***** DATA SECTION
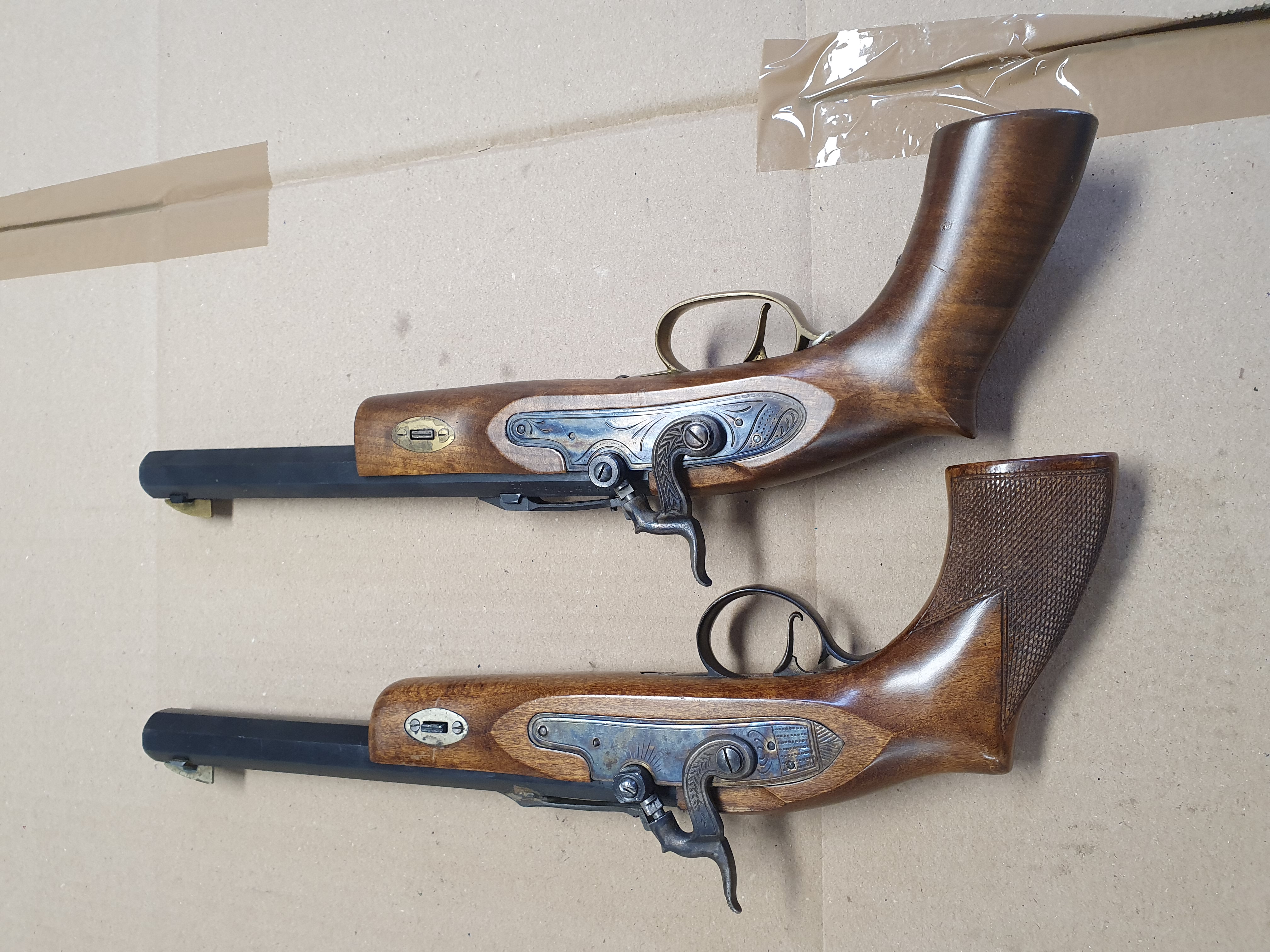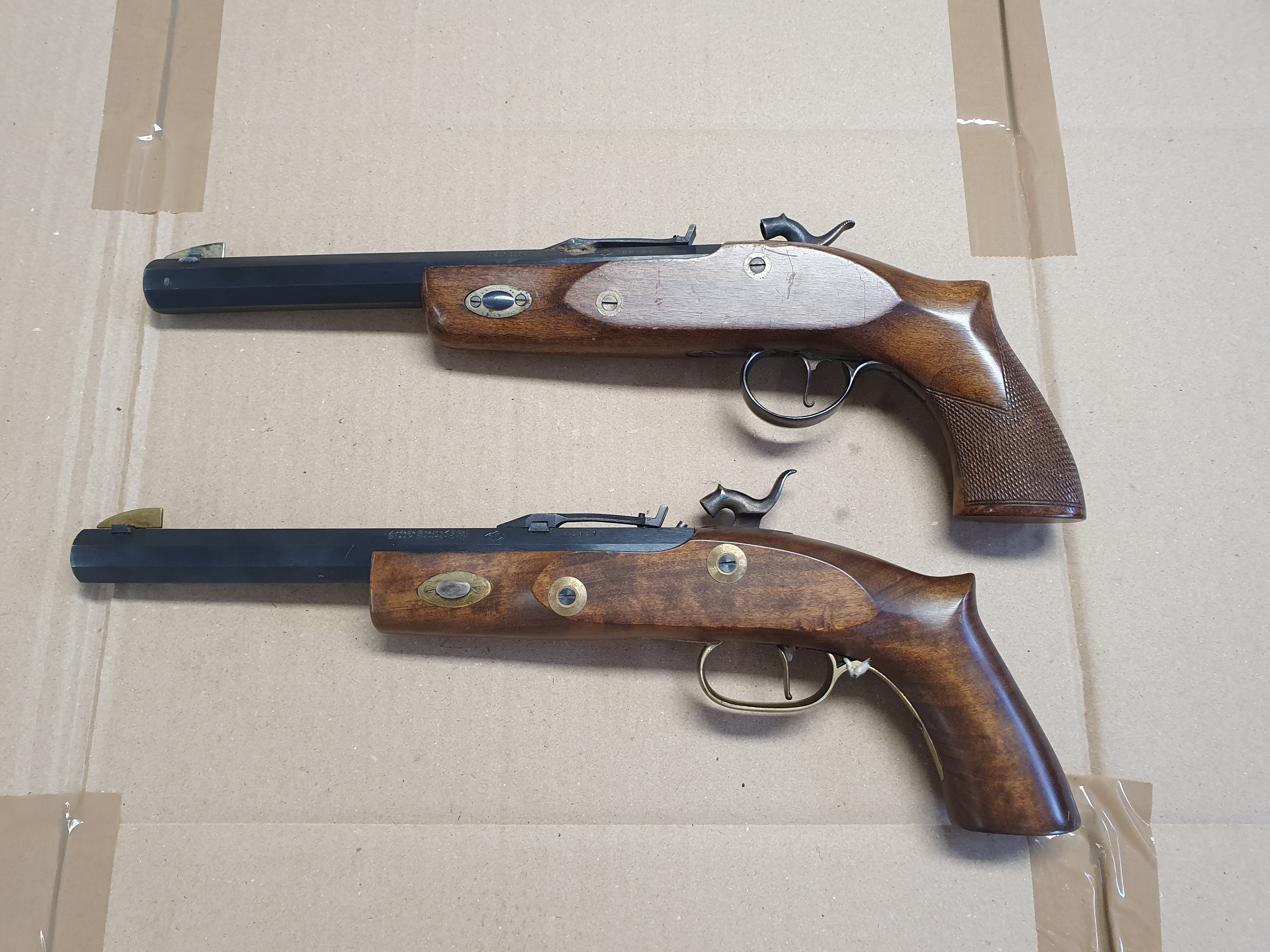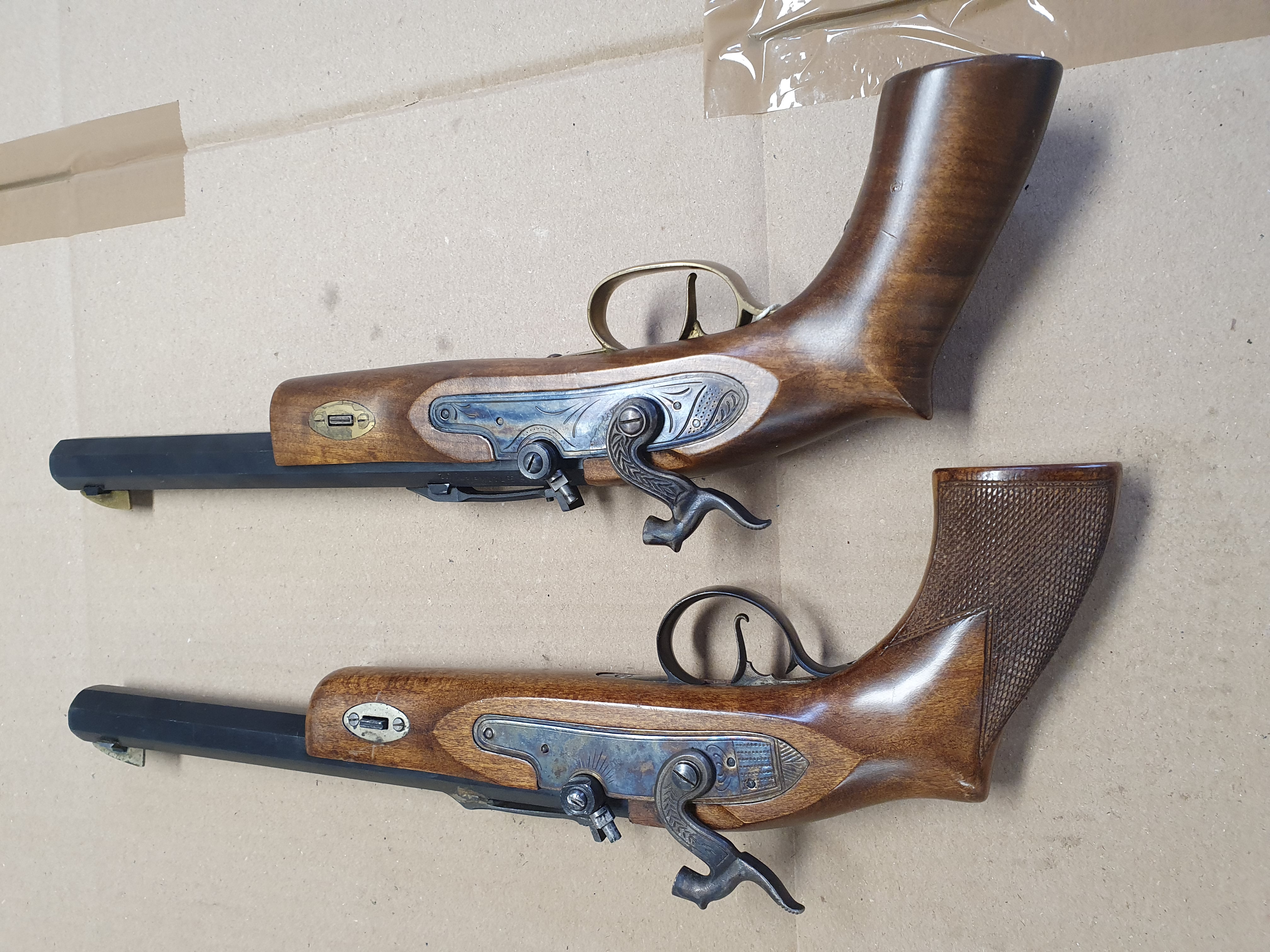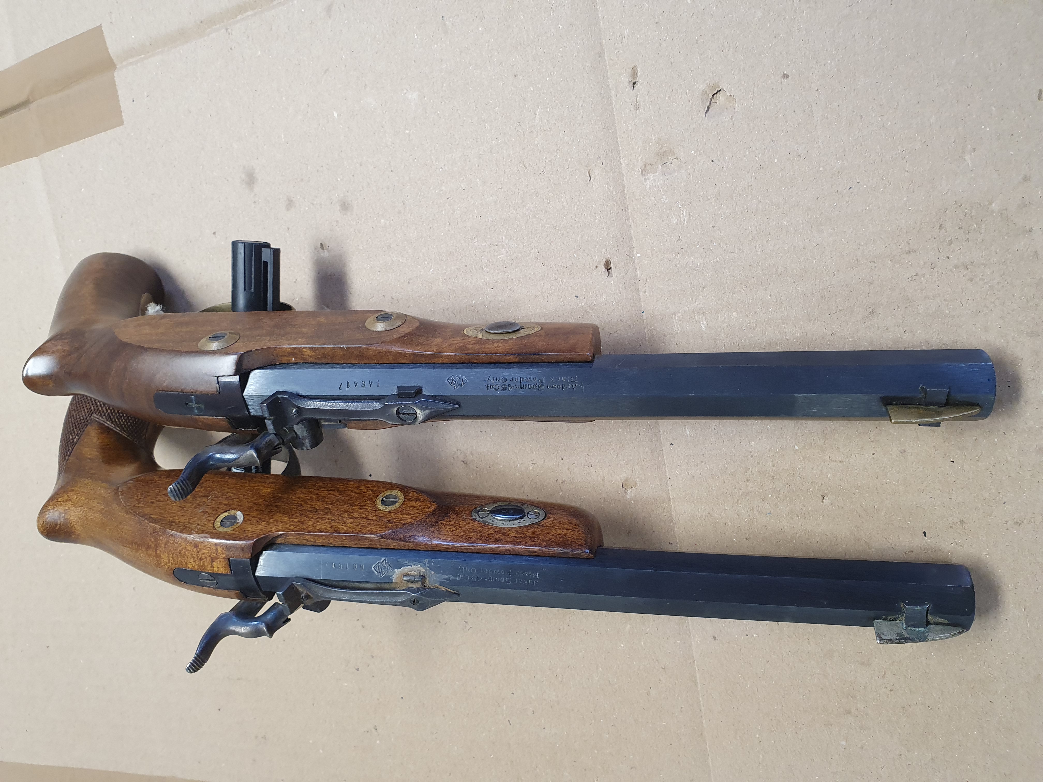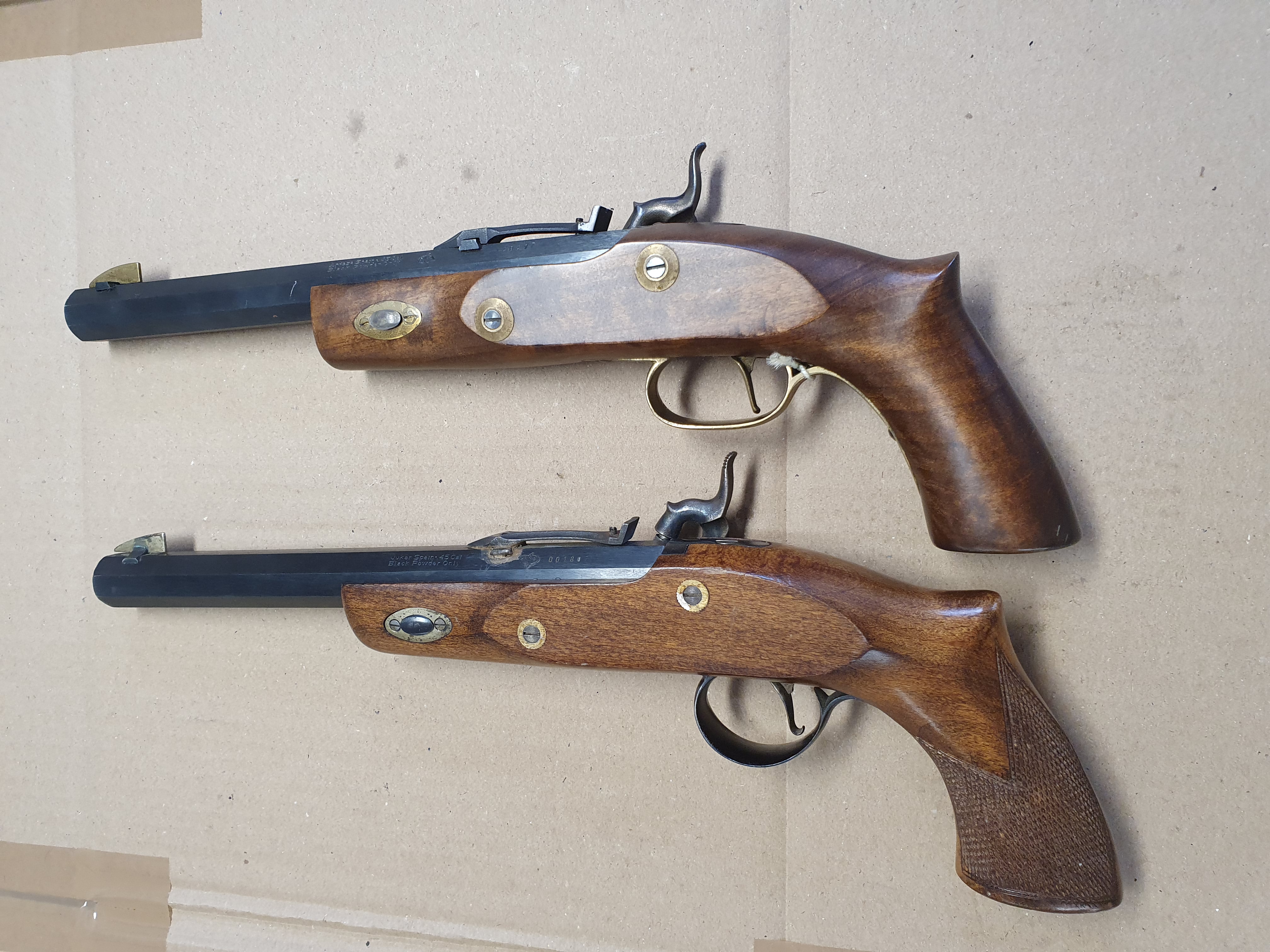 Zwei Stück Schwarzpulver Vorderlader Pistolen cal .45 Black Powder Only. Verschiedene Hersteller.
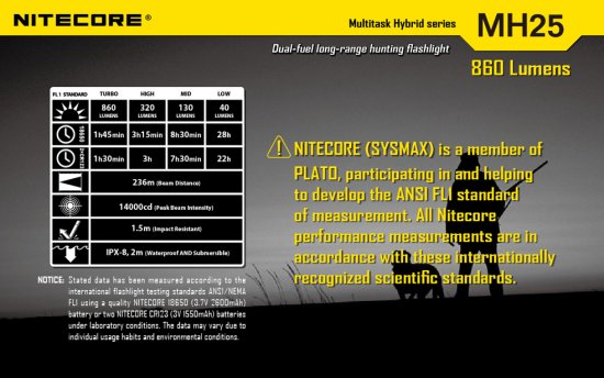 Nitecore gehört der PLATO (Portable Lights American Trade Organization) an und die Lichtleistung der Lampe werden im ANSI/NEMA-FL-1 Standard gemessen. Dieser Standard erlaubt es die wirklich gemessene Lumen der Lampe mit anderen zu vergleichen. Gemessen und auf Verpackungen angegeben werden nach diesem Standard:
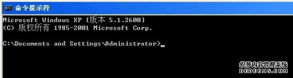 在Windows XP 环境中,点击开始-运行,在随后出现的运行窗口输入“cmd”命令,回车或点击确定进入下图所示界面。
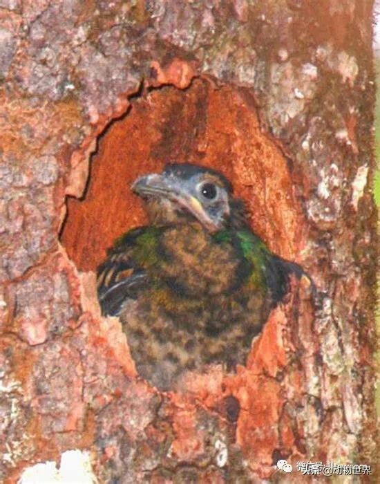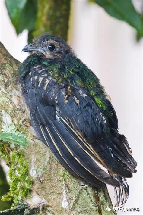 幼年的凤尾绿咬鹃保留有一双原始的爪,就像始祖鸟的爪,成年后消失。
**********
__WORK INSTRUCTIONS__.
Your answer must contain the full data, repeated exactly, without pictures.

__EXERCISE RESPONSE__.
 Zwei Stück Schwarzpulver Vorderlader Pistolen cal .45 Black Powder Only. Verschiedene Hersteller.
 Nitecore gehört der PLATO (Portable Lights American Trade Organization) an und die Lichtleistung der Lampe werden im ANSI/NEMA-FL-1 Standard gemessen. Dieser Standard erlaubt es die wirklich gemessene Lumen der Lampe mit anderen zu vergleichen. Gemessen und auf Verpackungen angegeben werden nach diesem Standard:
 在Windows XP 环境中,点击开始-运行,在随后出现的运行窗口输入“cmd”命令,回车或点击确定进入下图所示界面。
 幼年的凤尾绿咬鹃保留有一双原始的爪,就像始祖鸟的爪,成年后消失。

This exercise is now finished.